Would you be able to update to release 2019.11.0? We've introduced a couple of commits that should help with this: https://github.com/cloudflare/cloudflared/commit/3a9a0a0d751304519cb544b430d8df8bdb563887 https://github.com/cloudflare/cloudflared/commit/e14ec1a1fbba4ce65edddb7961643017e1014ab8

hacktek commented 4 years ago

That sounds good, I'm currently running 2019.10.4.

Let me give 2019.11.0 a shot.

EDIT: I tried it and connection usage appears to be much better now. Here's the same count of total connections on the local port across time taken every 5 seconds:

# while [ 1 ]; do netstat -ano | grep 8123 | wc -l; sleep 5; done
14
13
13
27
27
25
62
61
62
62
62
86
84
83
83
72
72
71
66
35
34
35
35
13
13
17
86
88
113
115
115
116
116
116
116
115
114
123
60
57
34
33
31
34
34
35
34
34
34
26
28
24
24
23
23
21
29
27
27
fletchto99 commented 4 years ago

I'm having this issue as well and restarting cloudflared didn't seem to fix the issue. I wonder if its related to https://github.com/cloudflare/cloudflared/issues/91

Everything was working for the past few weeks, I rebooted my USG and then all of the errors started pouring in.

On a sidenote, are there official mips builds now?

tv3 commented 4 years ago

Gave up on this product. Now using dnscrypt on USG. Works like a charm. https://dnscrypt.info https://community.ui.com/questions/DNSCrypt-Proxy-2/0d4eaa80-aff7-49dd-9dc4-7d0378afd288

hacktek commented 4 years ago

Just to report that this continues to happen on v2019.12.0.
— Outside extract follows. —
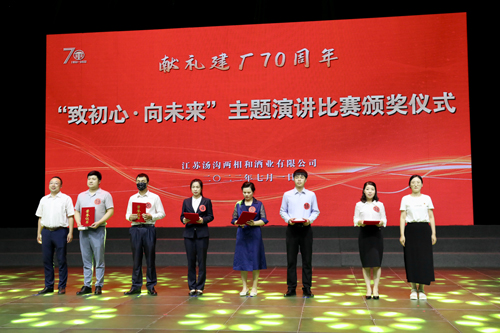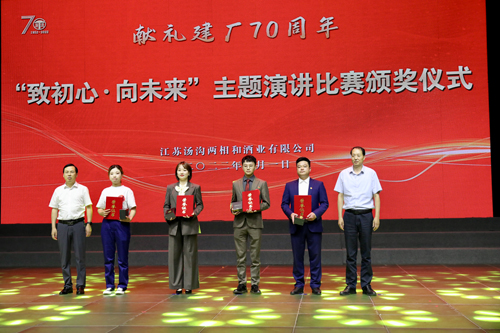 啟動儀式上,湯溝酒業(yè)青年員工激情高昂,青春活力,上演了精彩的文藝演出。董事長朱耀匯為光榮在廠40年老員工頒發(fā)了榮譽(yù)勛章,感謝老員工們在崗位上默默耕耘,成績卓越,把熱血青春無私奉獻(xiàn)給企業(yè),他們心中的大愛與執(zhí)著,傳承堅(jiān)守、不忘初心的力量,是企業(yè)發(fā)展的力量源泉和寶貴財(cái)富。新員工代表向光榮在廠40年老員工們敬獻(xiàn)鮮花,向老員工們致敬,這是一種傳承,一種期待,一種精神的傳遞,是守心守藝的完美詮釋,更是卓越擔(dān)當(dāng)?shù)男撵`交融。老員工代表張加林、孫一清現(xiàn)場發(fā)言。青年骨干在“致初心·向未來”演講比賽決賽中,展現(xiàn)了湯溝酒業(yè)青年風(fēng)采與青春活力,以不同的視角表達(dá)出對企業(yè)的熱愛,對未來的無限憧憬,對事業(yè)的不懈追求與努力,以及融入企業(yè)發(fā)展的堅(jiān)強(qiáng)決心,引起了強(qiáng)烈的思想共鳴。本次決賽邀請了專家評委管三松、楊泗亮、王倩倩、韓晗、王林、陸葉現(xiàn)場打分,評出一等獎(jiǎng)2名、二等獎(jiǎng)4名、三等獎(jiǎng)6名及優(yōu)秀獎(jiǎng)8名,并現(xiàn)場頒發(fā)證書及獎(jiǎng)品。灌南縣文聯(lián)副主席楊泗亮對本次決賽進(jìn)行了精彩點(diǎn)評。

cloudflared[7047]: time="2020-01-15T17:37:09-06:00" level=error msg="HTTP request error" error="Error proxying request to origin: dial tcp 127.0.0.1:8000: socket: too many open files

It again seems like the service just leaves a bunch of open sockets forever until some ulimit is reached:

# while [ 1 ]; do netstat -ano | grep '8000' | wc -l; sleep 2; done
1996
1995
1995
1995
^C

After restarting cloudflared:

# while [ 1 ]; do netstat -ano | grep '8000' | wc -l; sleep 2; done
7
7
7
7
7
^C

Off to schedule a daily service restart...

immortalx commented 4 years ago

This is not a solution available for everyone but i was able to do resolve this by putting nginx as a proxy between cloudflared and my app back end. Instead of thousands of connections and the occasional open files limit error, everything is working fine now.